Update: Looks like we have a few Al-Watan readers over at DHS:
Update 2: The Manama Voice is reporting Iran's own response to the controversy surrounding the Bahraini government's claimed request for political mediation. The headline should clear things up: "Iran: Bahrain's King, Foreign Minister, and Ambassador Requested Mediation."
And, from the BBC, the Saudis are not too happy about the UK's parliamentary inquiry into its foreign relations with Saudi and Bahrain.
Update 3: In what is being seen as a severe provocation, Bahrain's Shi'a awqaf has announced that prayers at the Imam Sadiq Mosque in al-Diraz, home mosque of Sh. 'Isa Qasim, will be phased out as the mosque is replaced by a newer, much bigger one on land donated by the king. There is no mention of the fate of Sh. 'Isa Qasim--i.e., whether he will be reassigned to the new mosque--but there is likely to be a fight brewing here.
Update 4: Yet another deadly bomb attack on police in the southern village of Eker. I am not in the habit of quoting State Department spokesmen, but in this case it's appropriate: "[A resumption of political talks] is still the only path forward that we see and we are encouraging both sides to roll up their sleeves and get to it."
More pertinent for today's post on Bahrain, however, is another recent writing project: a chapter for a forthcoming book on sectarian politics in the Gulf to which I've alluded before. The chapter, a theoretical framework for understanding the region's sectarian politics, explains why the outcome of "sectarianism" is in fact a particular case of the Gulf's more general tendency toward group-based politics of all sorts. The explanation, in short, is a combination of (1) specific institutional characteristics that privilege political coordination on the basis of ascriptive social categories--region, religion, ethnicity, tribe, etc.--and (2) active efforts on the part of Gulf rulers to institutionalize this group-based, as opposed to individual-based, political competition, in order to maximize their own economic and political welfare.
Now, one hardly needs a special occasion to point out the existence of group politics in Bahrain. For almost no one is a Bahraini anymore, but BahrAni (بحراني), or 'Ajmi, or Mujannas, or Hawala, or Shirazi, or Al Khalifa, or Ahl al-Sunna, or whatever. And, not coincidentally, that's the way the state likes it. Indeed, when the opposition launched its well-publicized "No Sunni, No Shi'i, Just Bahraini" campaign at the height of mass demonstrations in March 2011, the government was none too pleased, as this image clashed with its reading (or at least its outward portrayal) of the uprising. Those found wearing stickers and other "Just Bahraini" paraphernalia were singled out at security checkpoints and generally were dismissed either as disingenuous or as unthinking pawns in others' sectarian agenda.
In recent days, however, the government's manipulation of societal groupings qua political constituencies has reached notable levels even by local standards.
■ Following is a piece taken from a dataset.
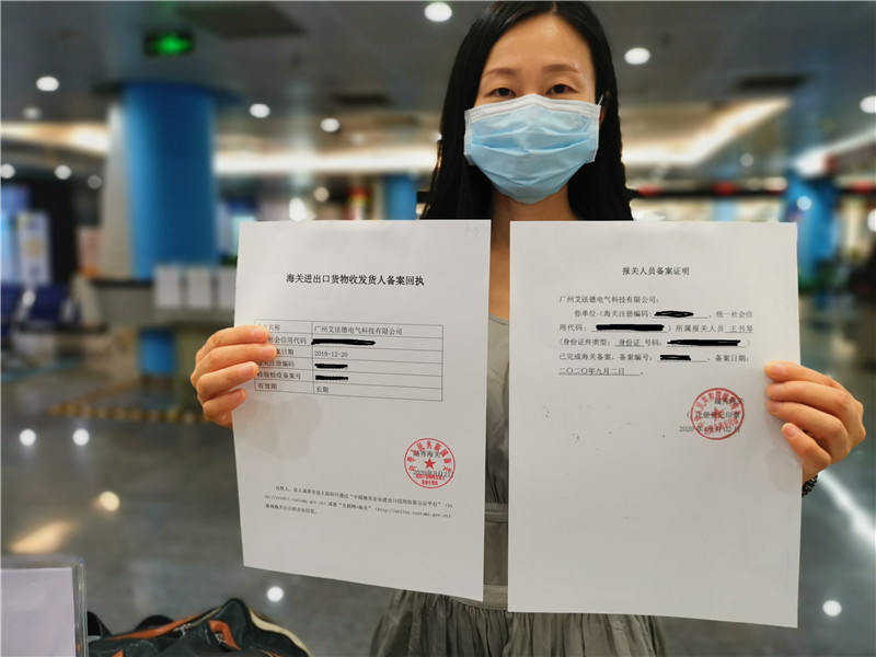 “沒想到這么方便,我本打算來咨詢一下,再看去哪里辦理,沒想到意外地一次性將進出口貨物收發(fā)貨人信息變更業(yè)務(wù)辦成了,不用再跑一次越秀區(qū)政務(wù)服務(wù)中心了!睆V州艾法德電氣科技有限公司法定代表人王書琴十分開心。

This may correspond to Sunday's opening of the new session of the National Assembly, or it may be entirely independent of the parliament. However the case, Bahrain has gone out of its way to put various societal groups on notice, Stephen Colbert-style.
The fun kicked off last week when Sh. Rashid sent a "strongly-worded letter" to two institutions affiliated with Bahrain's sizable Persian community: the Grand 'Ajam Ma'tam and the Al-Manama Club. According to an article in the Bahrain Mirror, members of the community, which in recent decades has attempted to remain apolitical, were threatened with "deportation" if they are found to "participate in opposition activities." Almost immediately thereafter, the Information Affairs Authority carried a press release announcing that the Grand 'Ajam Mosque "reiterated its loyalty to His Highness the King and rejects the perpetrators of rioting and terrorism":
فيديو بنا // مأتم العجم الكبير يجدد الولاء لجلالة الملك المفدى ويستنكر أعمال الشغب والإرهاب |bna.bh/portal/news/52…#Bahrain
— وكالة أنباء البحرين(@bna_ar) October 9, 2012
Soon a loyalty stampede ensued among Bahrain's various civil society groups, especially football and sports clubs, including those not affiliated with Bahraini 'Ajam. God knows why; it's not like the government would arrest and/or torture athletes thought to support the opposition, right?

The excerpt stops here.